■ **DATA SECTION**
=== Section Start ===
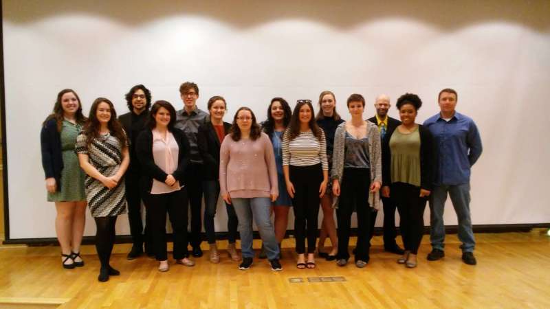 Congratulations to the 21 English and English Education majors who presented their capstone projects on Sunday, April 9th. They make us very proud! From left to right: Meaghan Papeika, Daisy Thomas, David Bennett, Kristi Veach, Chace Jones, Maggie Cohee Nevin, Kyla Thomas, Emily Womeldorff, Rachel Bearry-Sandstrom, Julia Athey, Katie Quinnelly, Mike Sandy, Tiana Davis, and Christopher Bonar. Not pictured: Hannah Badley, Rebecca Barb, Michael Barbour, Allex Benedict, Leah Jenkins, Allie Showman, and Carissa Snider.
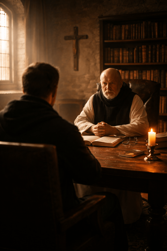 The Abbot sat across from me, hands folded, his inquisitive eyes fixed on me. The silence stretched long enough to force my focus onto what I had come for.
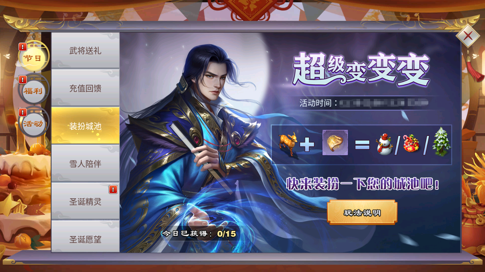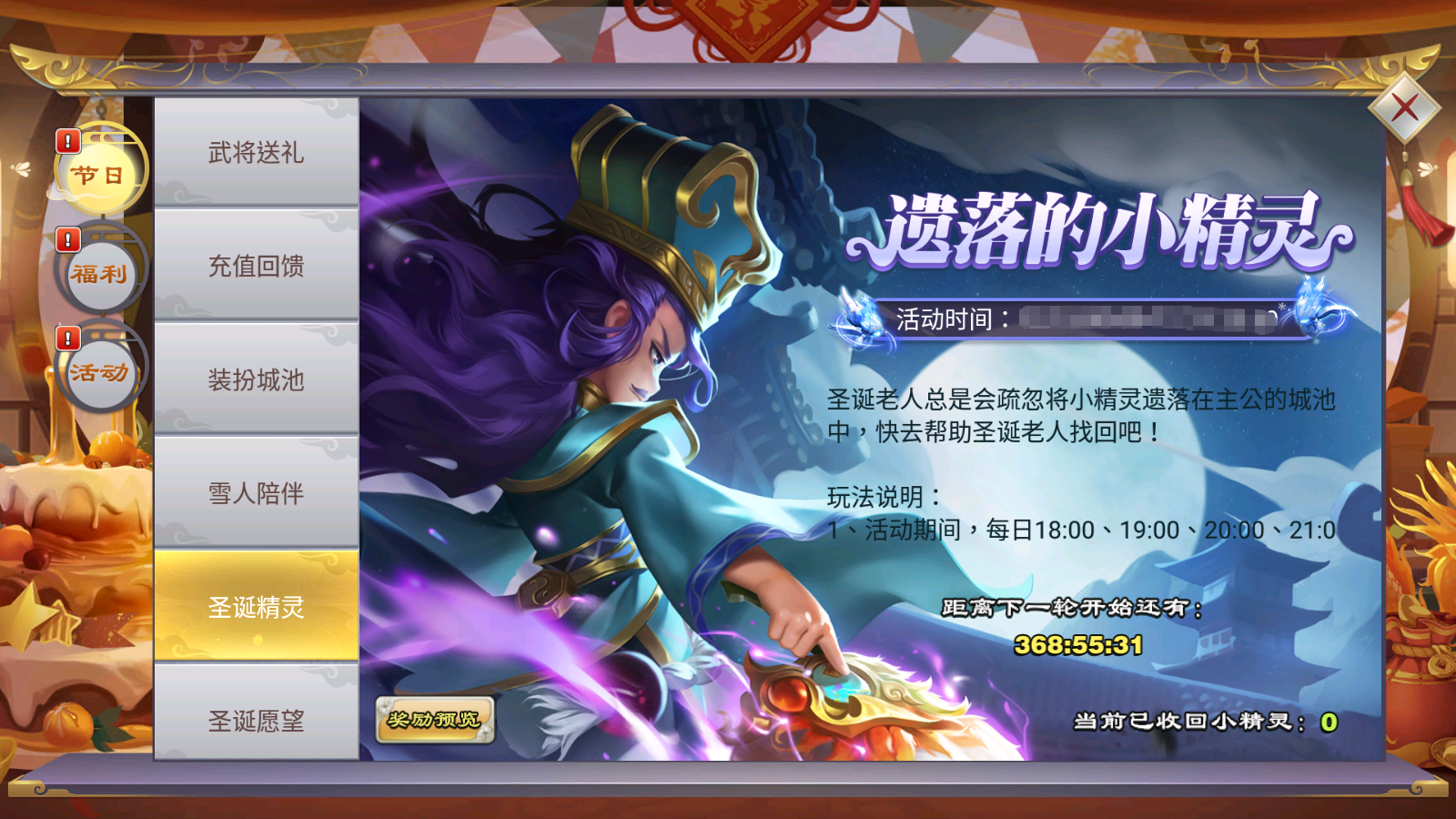 活动期间装满礼物的圣诞礼袜将自动降落到主公城池,大家记得准时上线领取噢~
=== Section End ===
■ **TASK REQUIREMENTS**
Only the text of the material belongs in your copy, which must match the original exactly.

■ **ANSWER TO THIS PROBLEM**
 Congratulations to the 21 English and English Education majors who presented their capstone projects on Sunday, April 9th. They make us very proud! From left to right: Meaghan Papeika, Daisy Thomas, David Bennett, Kristi Veach, Chace Jones, Maggie Cohee Nevin, Kyla Thomas, Emily Womeldorff, Rachel Bearry-Sandstrom, Julia Athey, Katie Quinnelly, Mike Sandy, Tiana Davis, and Christopher Bonar. Not pictured: Hannah Badley, Rebecca Barb, Michael Barbour, Allex Benedict, Leah Jenkins, Allie Showman, and Carissa Snider.
 The Abbot sat across from me, hands folded, his inquisitive eyes fixed on me. The silence stretched long enough to force my focus onto what I had come for.
 活动期间装满礼物的圣诞礼袜将自动降落到主公城池,大家记得准时上线领取噢~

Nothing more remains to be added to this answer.